A brain protein responsible for clearing debris may contribute to the progression of multiple sclerosis and Alzheimer's disease according to 2 studies conducted by researchers at Washington University School of Medicine in St. Louis.
A protein found on the surface of brain cells may be able to slow the progression of multiple sclerosis (MS), Alzheimer’s disease, and other similar diseases, according to 2 independent teams of researchers from the Washington University School of Medicine in St. Louis.
The waste that builds up on the brain is a byproduct of normal daily mental activities, explained a press release from the school. It is also a result of misdirected immune system attacks on brain cells. Neurologic disease can progress in this way if too much debris buildup is present in the brain for too long.

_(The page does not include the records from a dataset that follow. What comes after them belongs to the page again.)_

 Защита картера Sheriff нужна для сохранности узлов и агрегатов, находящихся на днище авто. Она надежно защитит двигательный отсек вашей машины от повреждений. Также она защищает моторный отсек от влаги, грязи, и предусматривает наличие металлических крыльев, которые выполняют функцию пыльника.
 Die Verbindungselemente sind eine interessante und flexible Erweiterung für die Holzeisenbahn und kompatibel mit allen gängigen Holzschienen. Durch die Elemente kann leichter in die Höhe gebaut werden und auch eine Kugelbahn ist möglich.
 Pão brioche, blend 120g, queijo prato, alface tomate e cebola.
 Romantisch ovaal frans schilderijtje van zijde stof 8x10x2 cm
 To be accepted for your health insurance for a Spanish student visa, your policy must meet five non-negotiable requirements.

In the first study, published in the journal Cell, researchers aimed to address the basis for this genetic association in mice models. The researchers monitored the buildup of amyloid beta, which forms plaques in the brain, as the mice age to see if the absence of the TREM2 gene significantly accelerated the buildup. They were able to determine that in mice with the defective version of the TREM2 protein, Alzheimer’s disease brain plaques build up more slowly.
“We found that microglia cluster around amyloid plaques when TREM2 is present, presumably because the cells are getting ready to absorb the plaques and break them down,” first study author Marco Colonna, MD, continued in the statement. “When TREM2 is absent, this clustering does not occur.”

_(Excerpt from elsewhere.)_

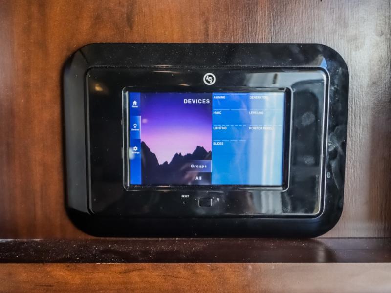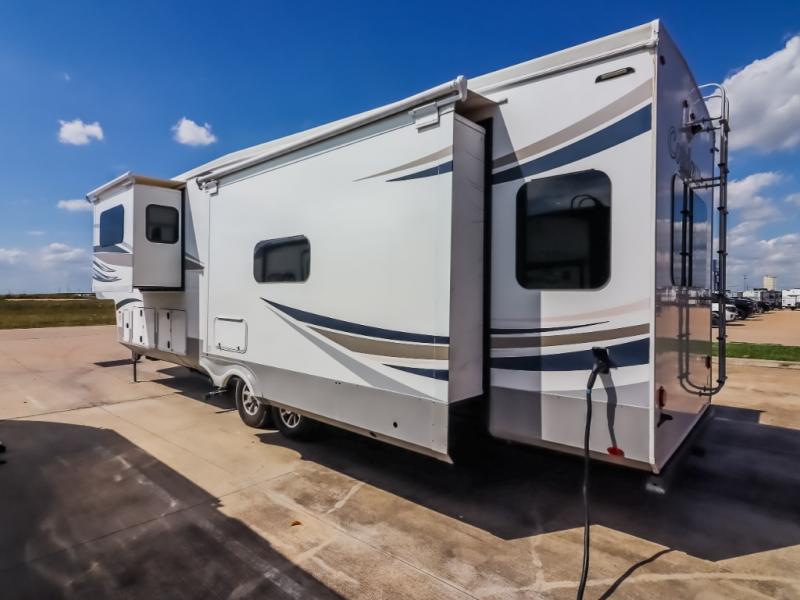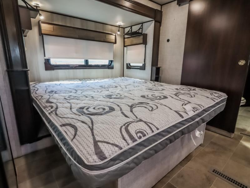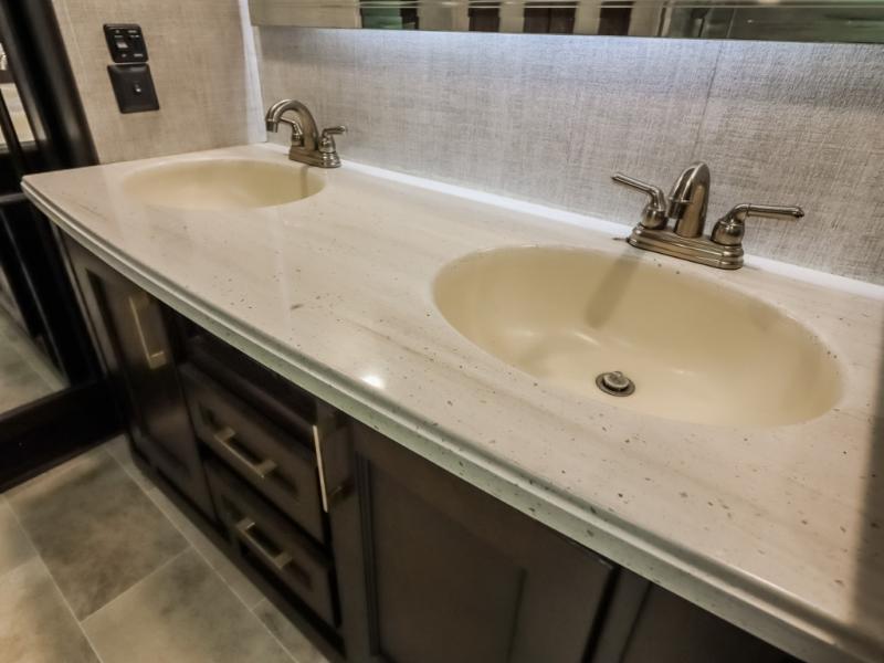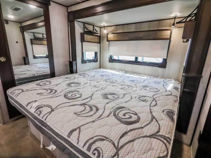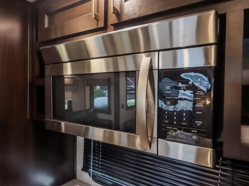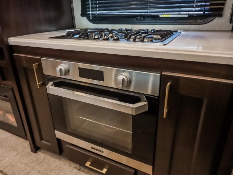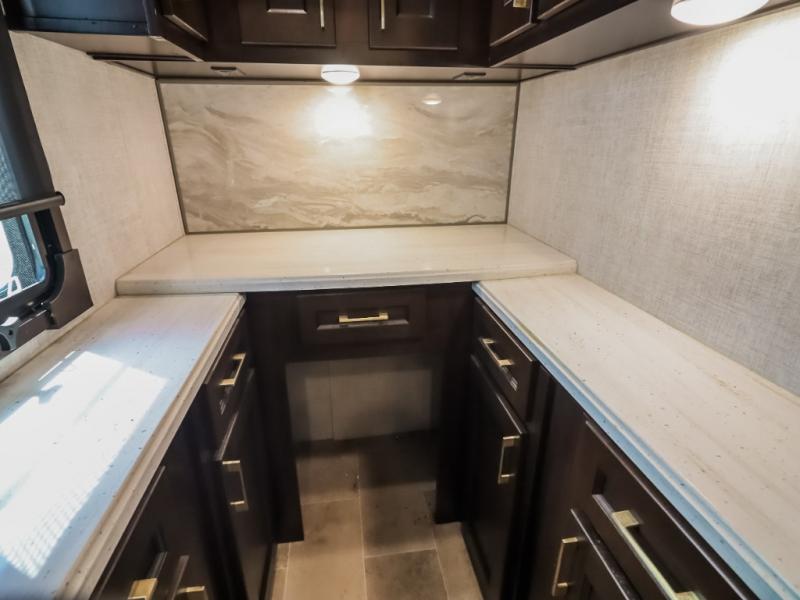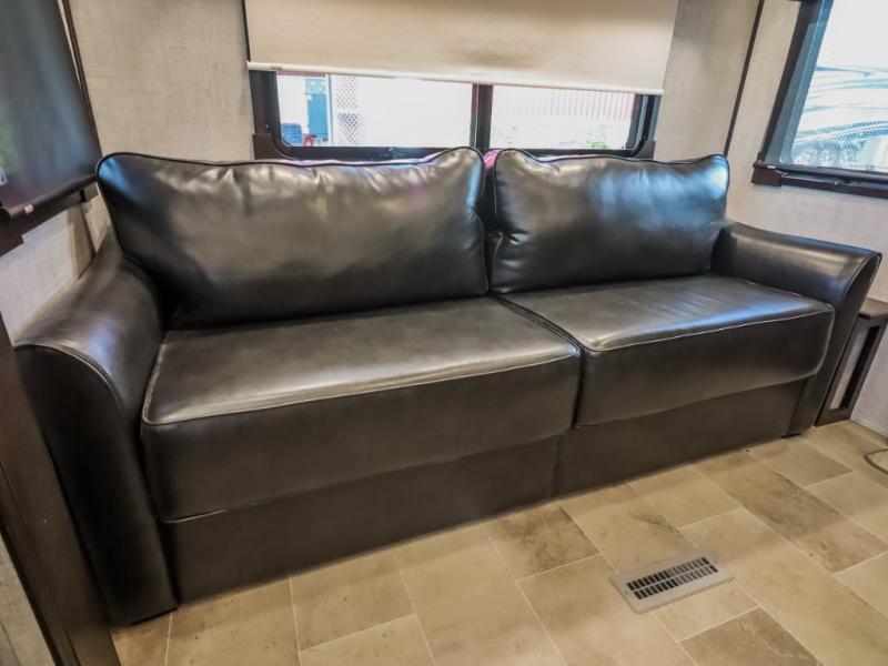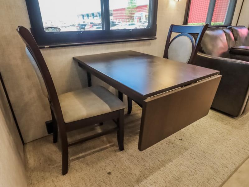 You will be the talk of the campground with this fifth wheel! Its unique butler pantry is perfect for entertaining guests with the U-shaped counter, overhead cabinets to store your drinkware, and cooler to keep your beverages cold while still leaving space in the 20 cu. ft. stainless steel refrigerator for your perishables. You can have game night indoors at the table and chairs or set up a table and chairs underneath the two power awnings. The rear living area offers a comfortable place to watch the big game too with a 88" split tri-fold sofa and 65" power theater seating directly across from the entertainment center with an electric fireplace and 50" TV with JBL sound system. Two can get ready at once in the front bathroom with the dual sink vanity and you can even add an optional washer and dryer!

The second study, published in Acta Neuropathologica, found that mice lacking the same TREM2 protein had difficulty in clearing debris in the brain produced by damage to a protective coating on the nerve cells. The researchers administered a compound called cuprizone (which causes a loss of myelin, similar to human MS patients) to the mice that were bred to lack the TREM2 gene. After cuprizone exposure, motor coordination in the mice was impaired, too.
“We’ve been very interested in identifying ways to control naturally occurring mechanisms that help clean and repair the brain, and these new studies provide clear evidence that TREM2 could be just such a target,” said Laura Piccio, MD, PhD, assistant professor of neurology and senior author the second study. “When we give normal mice this chemical, they can clear most of the myelin fragments from the brain. But when we gave cuprizone to mice that did not have the gene and looked at their brains 4, 6, and 12 weeks later, we could still see evidence of damaged myelin.”

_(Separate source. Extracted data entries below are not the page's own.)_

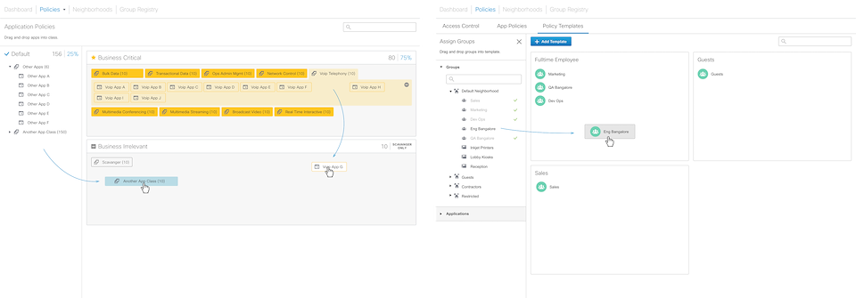 We recognized that there are roughly, two dichotomies for policy configuration: policies that have to do with users and policies that have nothing to do with users. For example, the administrator cares about whether user A is allowed to access user B or application C. The administrator also cares about the quality of service of application C, regardless of who is using it or not.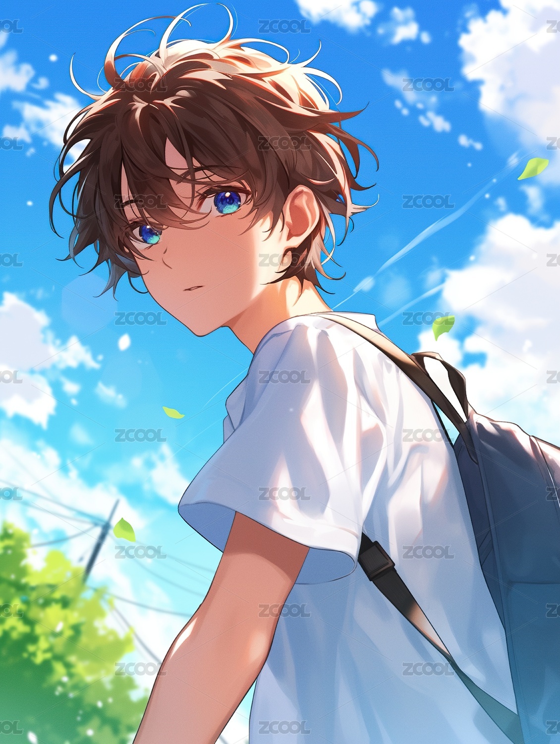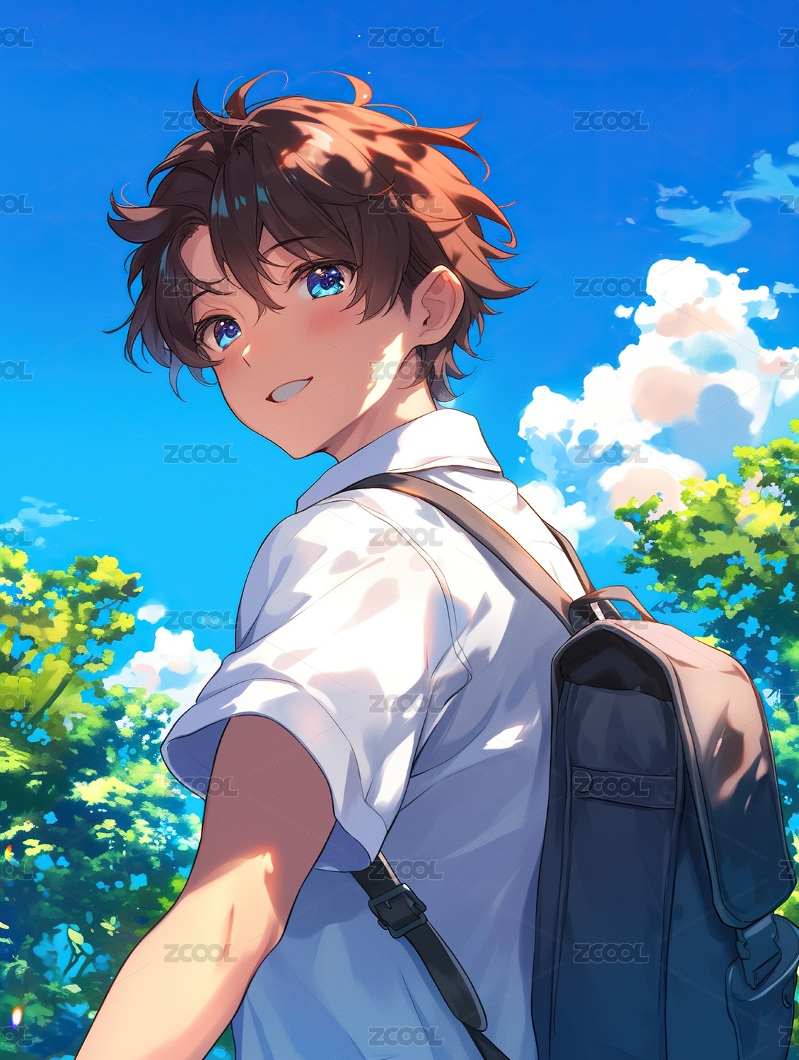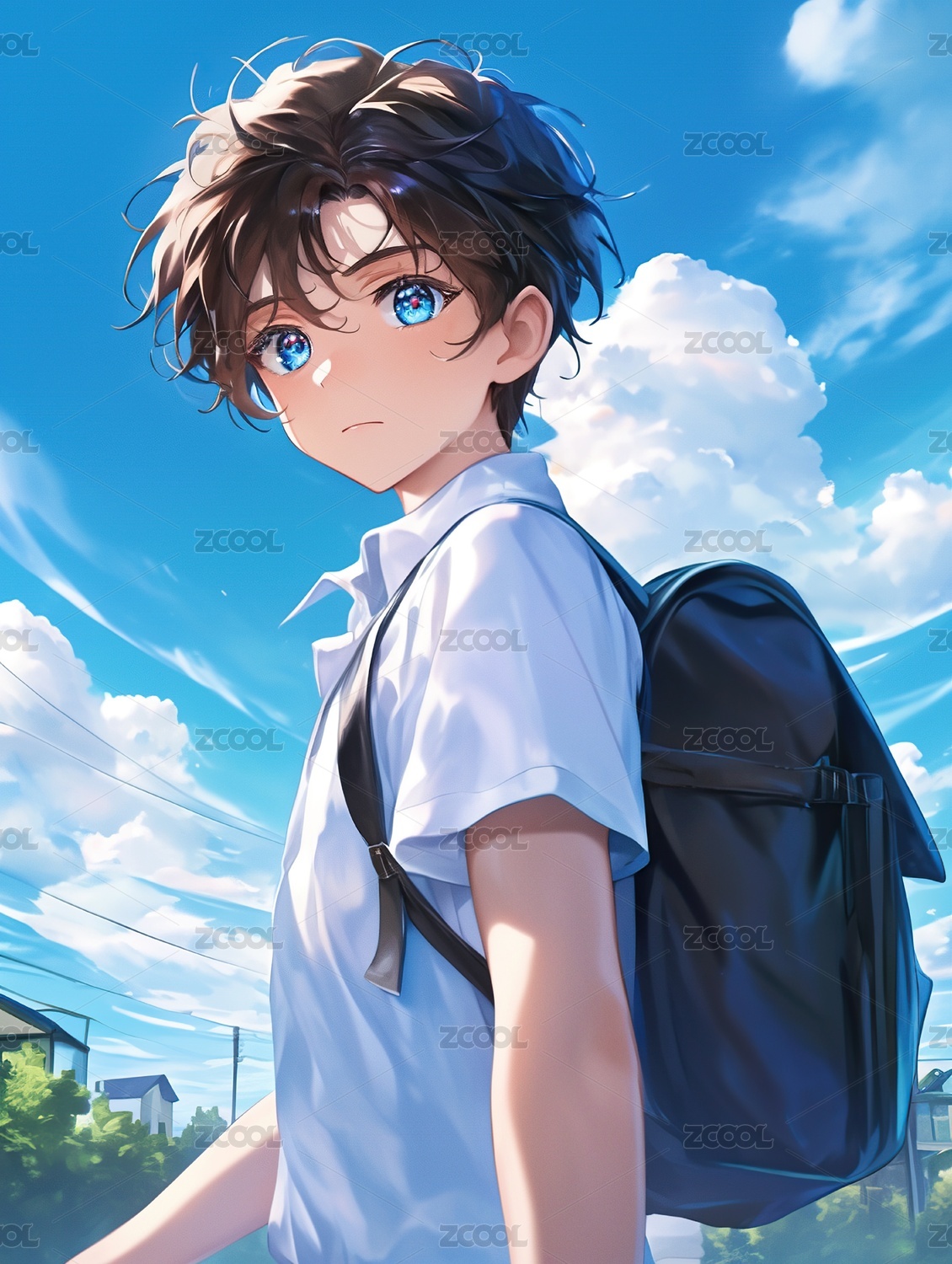 卡通,女孩,男孩,书包,学生,动漫,人物,蓝天,白云,高中生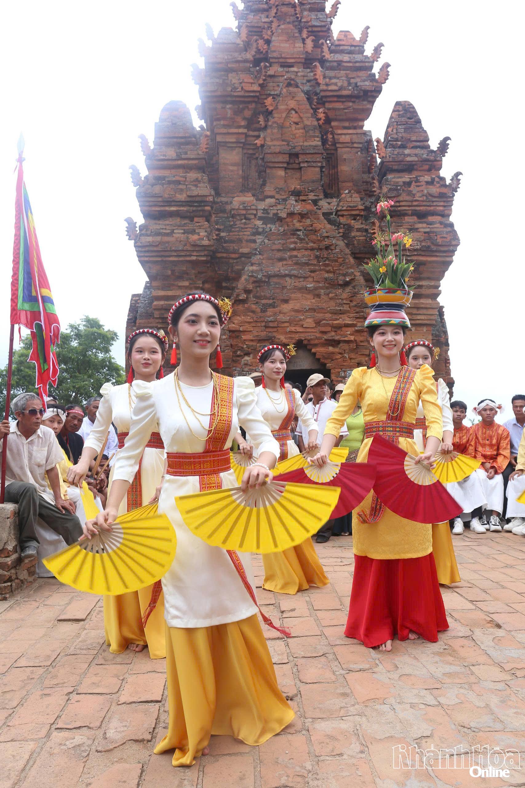 Các thiếu nữ Chăm trong trang phục truyền thống biểu diễn tại lễ hội Katê năm 2025

Both teams of researchers agree that the TREM2 protein may help keep microglia from self destruction as the debris is cleared from the brain.
“This is a mechanism that is very common in immune cells,” concluded Colonna. “When a signal activates immune cells and they start attacking an invader or working to repair an injury, they start using energy very rapidly. If the cells do not receive a second signal confirming the need for their services, this increased energy usage will kill them.”